USMNT coach Gregg Berhalter: “The guys feel good right now.”
The film sessions entail the usual elements of scouting — United States men’s national team coach Gregg Berhalter and his staff diagnosing the ills, highlighting the productive moments and analyzing the more complex parts of a game. But given he is only six months on the job, Berhalter has added a component to the exercise.
In the process to implement his own playing style at the national team level, Berhalter, the former Columbus Crew boss, emphasizes particular elements within every match. And then he counts the team’s success rate.
“When we analyze the game, we’re looking to see if we can repeat concepts we’ve been teaching over and over again,” Berhalter said. “We’re always measuring to see how we’re stacking up to what we should be doing.”
A recent example: U.S. coaches stressed the ability to run behind an opponent’s back line and create subsequent opportunities from it. So as they watched film, they counted exactly how many times the players followed through.
These are the measurements of growth. Of adjustment. And in some cases, of practicing patience.
Yes, even in the team’s biggest tournament of 2019. The Americans face Panama at 8 p.m. Wednesday at Children’s Mercy Park to close out group play in the CONCACAF Gold Cup. They’re unbeaten in their initial two games.
But in the early stages of a new tenure, it’s about more than the victories and defeats. There’s already an eye toward qualifying for the 2022 World Cup after a historic whiff in 2018. That means using matches — even tournament games such as this one — to forward the long-term model.
“We want to keep developing this group. We see it as a good step for this group to keep progressing to play in a tournament format and have to go through the rigors of a tournament format,” Berhalter said. “But we still want to progress our style of play. I think in both games so far, we were able to emphasize the way we want to play and (were) able to execute it as well.”
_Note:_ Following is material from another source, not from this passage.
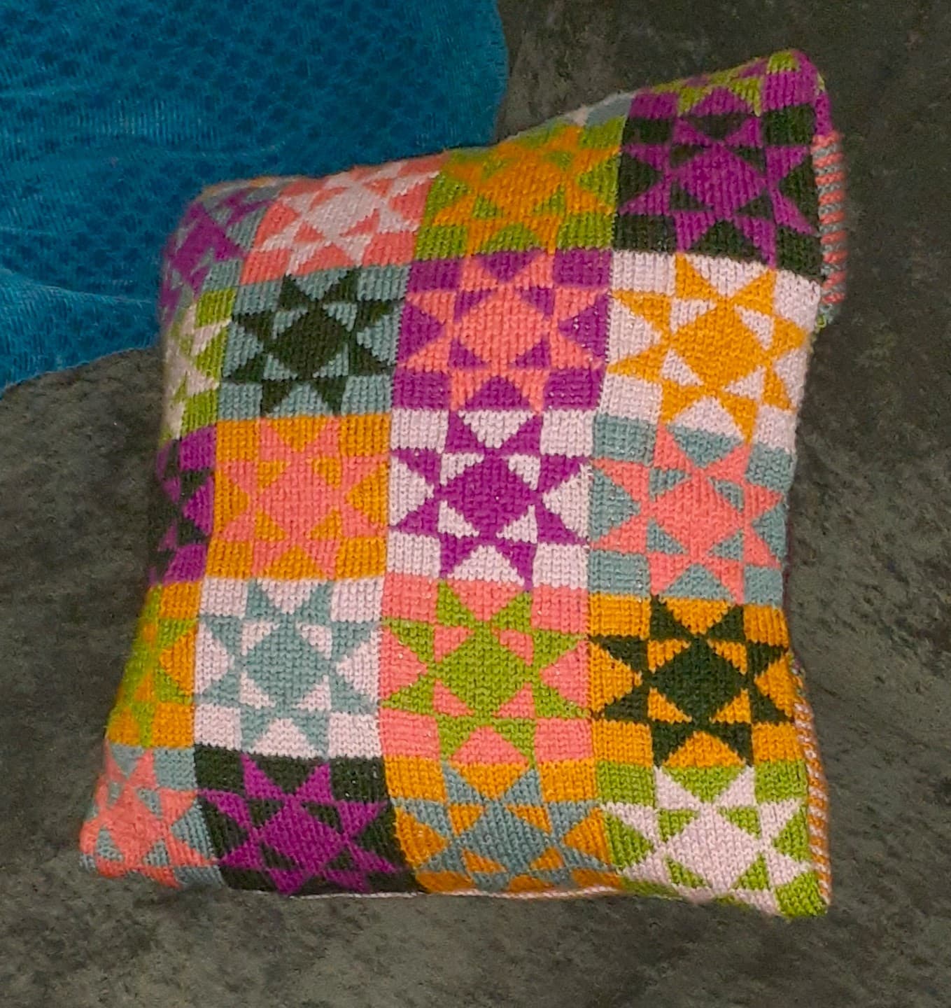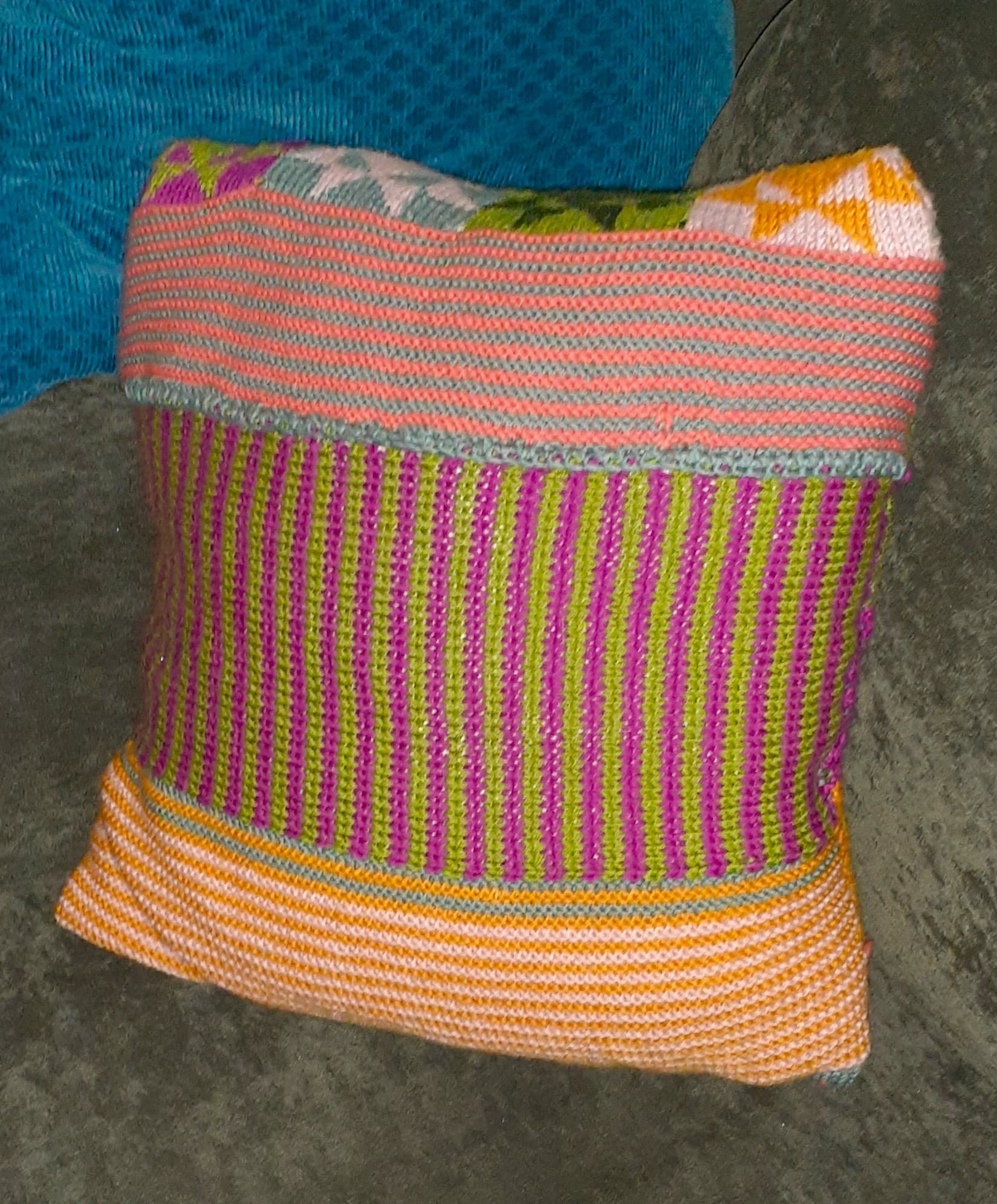Finally finished finished this knit pillow cover. The front was finished last year, and sat for long while. Then I finally got a pillow insert for it, but that ended up being bigger than I planned so it sat some more. I finally finished cobbling together the back, which is a mish-mash of leftover yarn. It’s definitely not a perfect fit for the form, but I’m past caring now. It’s wonky but cute.

The best proof of the long-term factor arrived in the roster selections. The U.S. called in some of the usual veterans, but there’s a mixture of younger players whose futures are being evaluated. How do they fit in? Could they be a factor in World Cup qualifying? How about the World Cup itself?
There are teams in this region and others who have gone full-bore with prioritizing winning, and rightfully so in valued tournaments. The U.S., on the other hand, is still in the development stage as it lands in Kansas City this week for the first time in three years.
“We thought it was very important to give young guys tournament experience as we develop toward 2022,” Berhalter said. “We chose to go with guys that we can develop for the future.”
There seems to be some momentum building in the back, for example. The center-back paring of Walker Zimmerman and Aaron Long have produced four of the team’s five shutouts this year.
While recognizing there will be growing pains of the development, you want to see the fruits of the labor — beyond a sheet of paper full of tally marks.
“We like what we have going so far,” Zimmerman said, adding, “Our goal is to win the group. We aren’t just satisfied advancing through. We set a goal beforehand to win the group. That’s certainly going to be on our mind.”